Ecos de uma eleição passada: o recado de Jânio Quadros
Em 1985, os brasileiros voltaram a eleger, depois de 20 anos, os prefeitos das capitais, naquela que foi a mais democrática eleição da nossa História até então.
A disputa na cidade de São
Paulo ganhou dimensão nacional e se afunilou entre dois nomes: Jânio Quadros e
Fernando Henrique Cardoso.
Jânio já havia sido prefeito e
governador, além de presidente da República. Filiado ao PTB, era o candidato da
direita, com o apoio explícito do PFL, bancado por Olavo Setúbal, e a simpatia silenciosa
do PDS de Maluf e Delfim Netto.
Não dá para dizer que Jânio
tenha sido o precursor das fake news nem
do populismo moralista, mas ninguém antes de si havia reunido tudo isso num
pacote tão eficiente, simbolizado pela vassoura com a qual iria “varrer a
bandalheira”.
Na Presidência, teve seu
mandato abreviado pela renúncia, que desencadeou a sucessão de fatos precedentes
à ditadura militar, encerrando o ciclo iniciado pelo Marechal Dutra e que ficou
conhecido como a “República Populista”.
Oscilando entre doido e herói,
gênio e bebum, Jânio ainda está para encontrar seu lugar na História, mas é
certo que foi um campeão no quesito medidas folclóricas, tal como o Decreto
Federal nº 5.182/1961, que proibia o uso de traje de banho nos concursos de
beleza. Para uns, reflexos de uma obsessão pelos temas da “decência e
moralidade”. Para outros, um gesto calculado para manter o apoio de
conservadores que não apreciavam suas medidas no campo da economia e da
política externa.
Depois de perder as duas eleições
que disputara após a renúncia, Jânio parecia se encaminhar para uma terceira
derrota naquele conturbado ano de 1985, mas, na reta final, foi para cima com
virulência.
Jornais clandestinos diziam
que Fernando Henrique distribuiria drogas nas escolas.
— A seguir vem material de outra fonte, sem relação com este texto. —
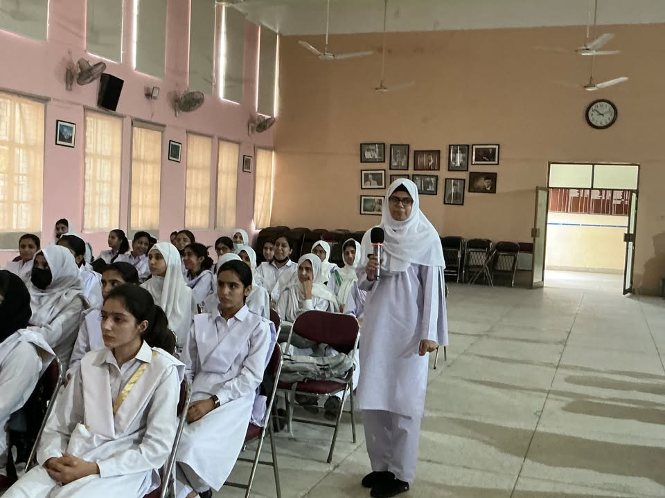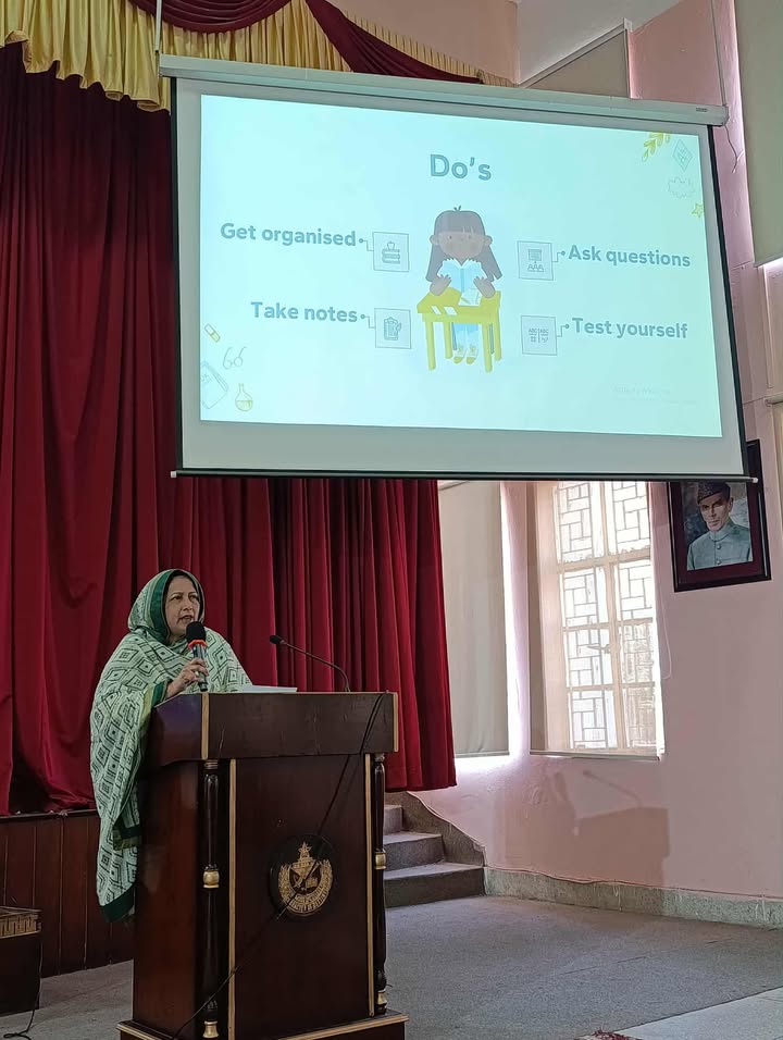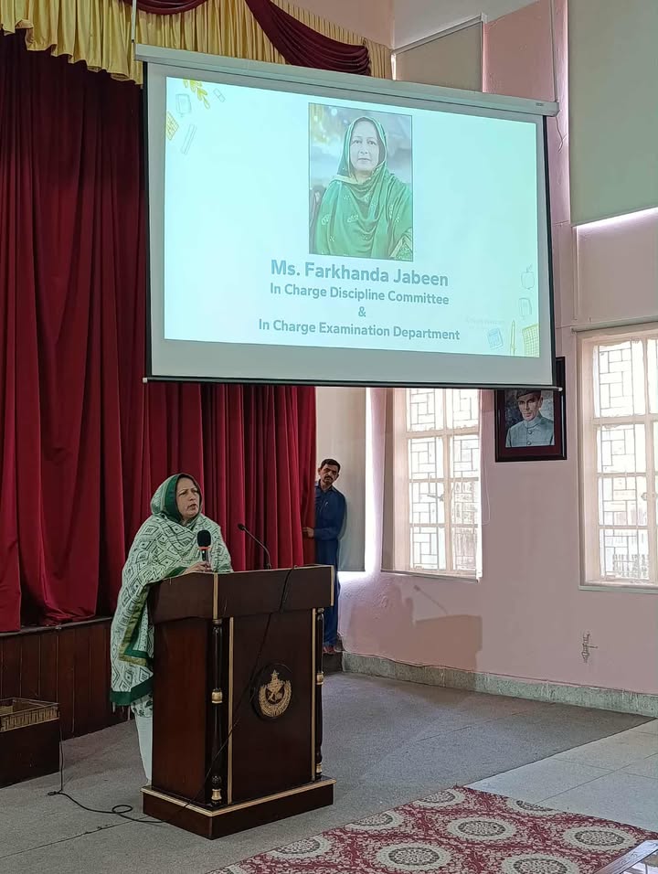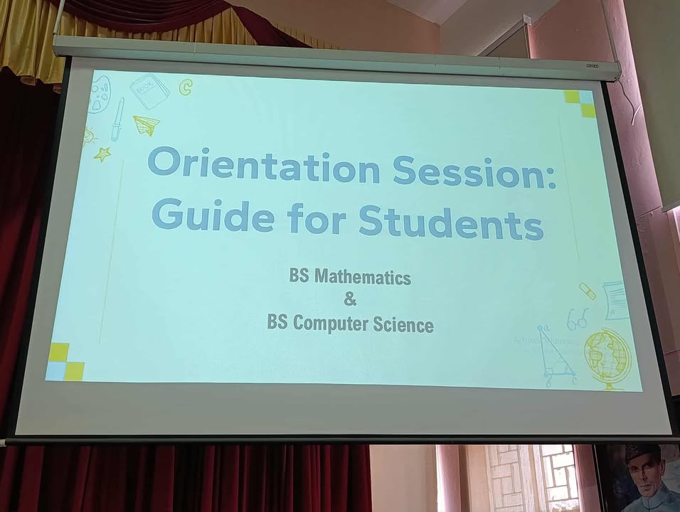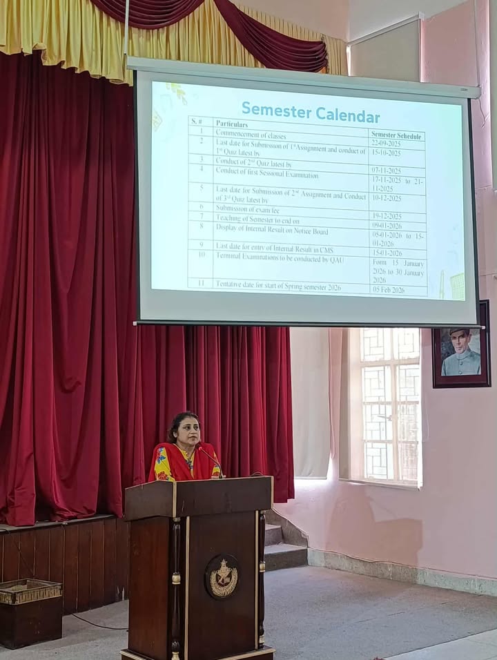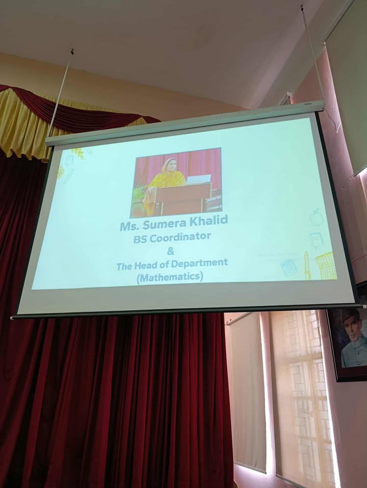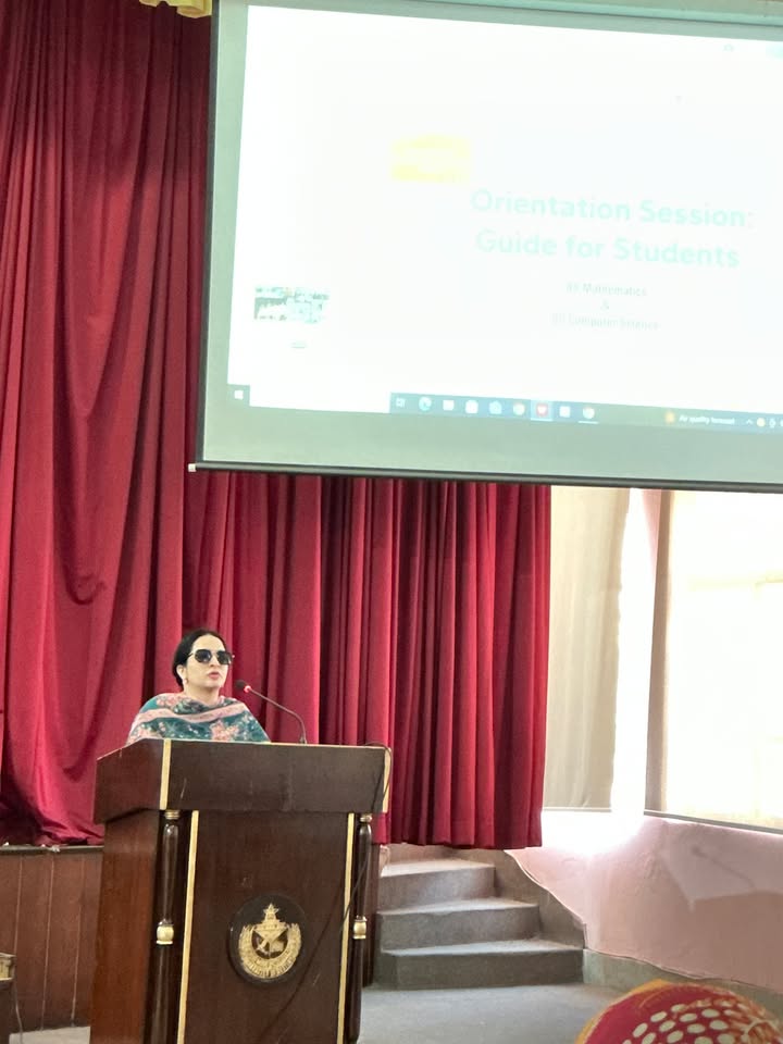 Today’s orientation session for 1st-semester BS Mathematics and BS Computer Science students was held in the college auditorium. The event was honored by the presence of Principal Prof. Aaliya Durrani and Vice Principal Co-Curricular Ms. Asma Maqbool. Our faculty shared important information about college rules, regulations, and the BS program structures. Ms. Farkhanda Jabeen, Discipline and Examination Incharge, explained key policies and exam procedures. Admission Incharge Ms. Noeen Nasir outlined merit criteria and course change protocols. Ms. Shaheena Naz, HOD of Computer Science, presented the grading system, while Ms. Sumera Khalid, HOD of Mathematics and BS Coordinator, provided an in-depth look at the semester plan and related rules. The session concluded with encouraging words from Principal Prof. Aaliya Durrani, followed by the National Anthem.

No programa da
televisão, conclamou os eleitores a “salvar São Paulo das garras do marxismo,
do leninismo e do comunismo ateu”. No último comício, chamou o senador
peemedebista de “candidato da maconha”. Ao debate final, não foi, mas Boris
Casoy facilitou-lhe a vida com a célebre pergunta a Fernando Henrique sobre
crer em Deus.
Jânio, por apertada margem,
ganhou a eleição. E fez um governo abaixo da crítica, deixando “a Prefeitura em
ruínas”, como definiu a Folha de S. Paulo em editorial de 02 de janeiro de
1989. Ao fim do seu mandato, tinha 30% de avaliação “ótimo/bom”, 36% “regular’
e 32% de “ruim/péssimo” (Datafolha, 01/01/1989).
Não foi por falta de aviso.
Em artigo na mesma Folha, dois
dias antes da eleição, Paulo Francis tentava chamar o eleitor à razão:
“Jânio
Quadros está devendo a você os chamados 21 anos de ditadura. Você dirá que isso
é troco de velho, que você tem trinta anos e não está interessado em conversa
de 1961. Mas está. Você é, todos nós somos, produto desses 21 anos ... olha em
torno. Os miseráveis na rua, a corrupção entranhada, a desesperança, o vácuo
desses 21 anos. É a esse homem que vocês querem entregar a Prefeitura de São
Paulo? Sei. Ele é engraçado, com esse ar
de vítima ultrajada e decidido a dar uma de “Rambo” pela justiça, que toma todo
cuidado em nunca definir o que é... Hitler fazia o mesmo ato. Hitler, Jânio e
todos os demagogos bem sucedidos ... “.
De seu jazigo no Cemitério da Paz, manda um recado ao populista de turno: não explique seus atos, não há argumento racional que lhe socorra. Explore a Fé e o Amor, o desespero e a raiva. O medo. Pinte em seu adversário um inimigo, um monstro tão feio que fará os crimes que você comete parecerem meros deslizes, e seus erros, um mal menor. Sempre defenda “o bem”, porque o bem pode ser qualquer coisa, e quando lhe acusarem de corrupção, demonize os movimentos sociais; quando faltarem leitos nos hospitais, expulse os homossexuais do ballet. Você ainda terá seus 30%.